==== STORED DATA ====
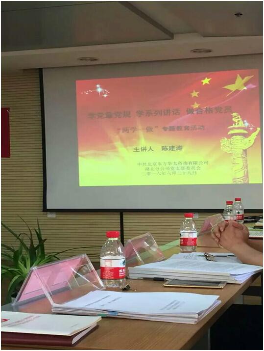 2016年 6月28日,東方華太公司為迎接"中國共產黨成立95周年",公司黨支部召集全體正式黨員﹑預備黨員﹑入黨積極分子代表﹑青年團員代表歡聚一堂開展了一次形式莊嚴、內容豐富的迎"七一"建黨95周年黨員主題日暨開展"兩學﹑一做"專題教育活動大會。按照大會擬定議程的第一部分,會議主持人黨支部書記陳建濤同志宣布到會黨員人數符合程序要求,會議有效。
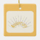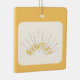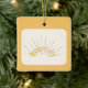 This design is featuring "Anniversary" in colors of yellow and black spikes. Tiny hearts as spikes. A golden backround represents a golden anniversary. A white feathered opaque is inserted in the center of the ornament. This ornament will make a beautiful gift to your loved one for 50 years of marriage. These are available in assorted shapes. Customize with your own information on the back of the ornament.
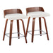 Maya - Mid-Century Modern Fixed Height Counter Stool With Swivel With Square Footrest (Set of 2) - Walnut / Cream
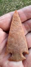 Interesting that the thin white ridge along the curve of the blade is raised, and the flake scars managed to pass over without altering the the pattern or scars path. |
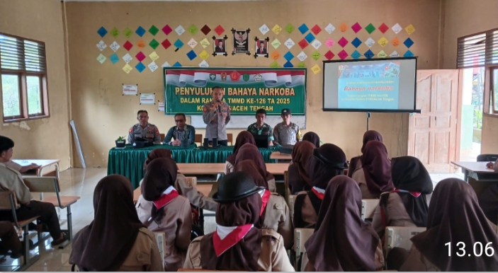 18 Oktober 2025 — Polsek Linge menghadiri sekaligus mengisi kegiatan penyuluhan bahaya penyalahgunaan narkoba, penyuluhan hukum, dan Kamtibmas dalam rangka program TNI Manunggal Membangun Desa (TMMD) ke-126 Kodim 0106/Aceh Tengah. Kegiatan tersebut berlangsung di SMA Negeri 18 Takengon Isaq, Kampung Kute Baru, Kecamatan Linge, Kabupaten Aceh Tengah.
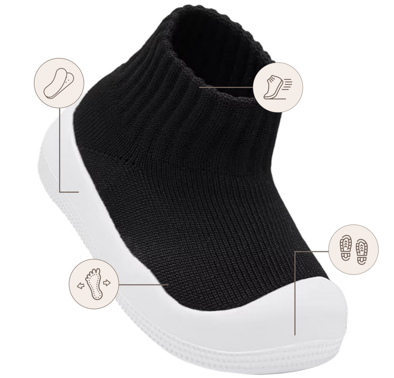 Yes! The high-sock design makes them much harder for little hands to grab and pull off compared to traditional shoes. Plus, unlike rigid shoes that feel restrictive, these feel like favorite socks so kids don't actually want to remove them.
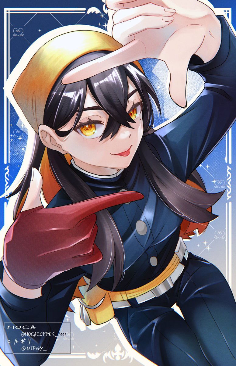 1girl :p artist_collaboration artist_name black_hair blue_jacket blue_pants blueberry_academy_school_uniform carmine_(pokemon) colored_inner_hair commentary_request crossed_bangs eyelashes fanny_pack finger_frame gloves hair_between_eyes hairband highres jacket long_hair long_sleeves looking_at_viewer mocacoffee_1001 mole mole_under_eye multicolored_hair nintendo nirugiri_(nirgy) pants partially_fingerless_gloves pokemon pokemon_scarlet_and_violet red_gloves red_hair school_uniform single_glove solo tongue tongue_out twitter_username two-tone_hair yellow_eyes yellow_hairband
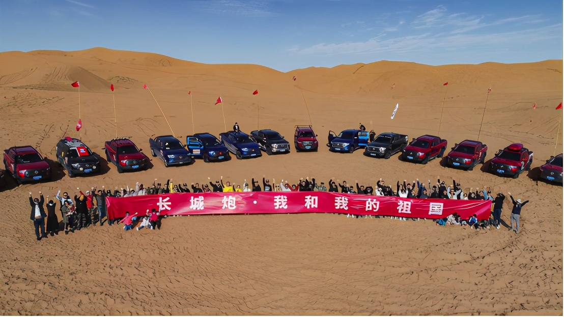 10月初,长城炮官方车友会“炮火联盟”近百名车主出征阿拉善,玩转英雄会,在大漠黄沙中刷锅冲坡,体验极致穿越的乐趣。同时,车主们手挽手齐声高歌《我和我的祖国》,共同庆祝祖国71华诞,并团队协作,画出了一台又一台个性张扬的DIY长城炮。在这场辉煌盛大的越野嘉年华中,他们还与摇滚老炮周晓鸥一起点燃热情的沙漠。
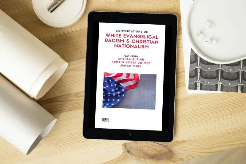 Donate now to help us stay on mission, and receive as "thanks" our free eBook of exclusive "Conversations on Christian Nationalism and White Evangelical Racism" featuring timely conversations with Dr. Anthea Butler (White Evangelical Racism), Dr. Kristin Kobes Du Mez (Jesus and John Wayne), and Dr. Jemar Tisby (The Color of Compromise).
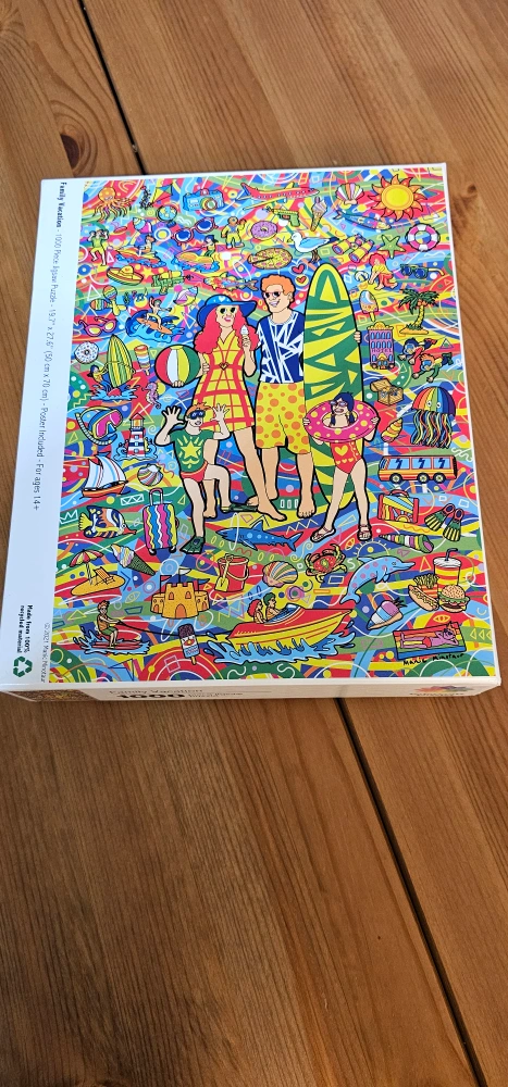 1000-piece jigsaw puzzle. Colourful beach scene. Family vacation theme. Suitable for ages 12+. Perfect condition.
====
[ASSIGNMENT]
What is needed is the exact run of lines from the start of the data through the line with "18 Oktober 2025", both ends included, minus the pictures.

[ANSWER TO THIS TASK]
 2016年 6月28日,東方華太公司為迎接"中國共產黨成立95周年",公司黨支部召集全體正式黨員﹑預備黨員﹑入黨積極分子代表﹑青年團員代表歡聚一堂開展了一次形式莊嚴、內容豐富的迎"七一"建黨95周年黨員主題日暨開展"兩學﹑一做"專題教育活動大會。按照大會擬定議程的第一部分,會議主持人黨支部書記陳建濤同志宣布到會黨員人數符合程序要求,會議有效。
 This design is featuring "Anniversary" in colors of yellow and black spikes. Tiny hearts as spikes. A golden backround represents a golden anniversary. A white feathered opaque is inserted in the center of the ornament. This ornament will make a beautiful gift to your loved one for 50 years of marriage. These are available in assorted shapes. Customize with your own information on the back of the ornament.
 Maya - Mid-Century Modern Fixed Height Counter Stool With Swivel With Square Footrest (Set of 2) - Walnut / Cream
 Interesting that the thin white ridge along the curve of the blade is raised, and the flake scars managed to pass over without altering the the pattern or scars path. |
 18 Oktober 2025 — Polsek Linge menghadiri sekaligus mengisi kegiatan penyuluhan bahaya penyalahgunaan narkoba, penyuluhan hukum, dan Kamtibmas dalam rangka program TNI Manunggal Membangun Desa (TMMD) ke-126 Kodim 0106/Aceh Tengah. Kegiatan tersebut berlangsung di SMA Negeri 18 Takengon Isaq, Kampung Kute Baru, Kecamatan Linge, Kabupaten Aceh Tengah.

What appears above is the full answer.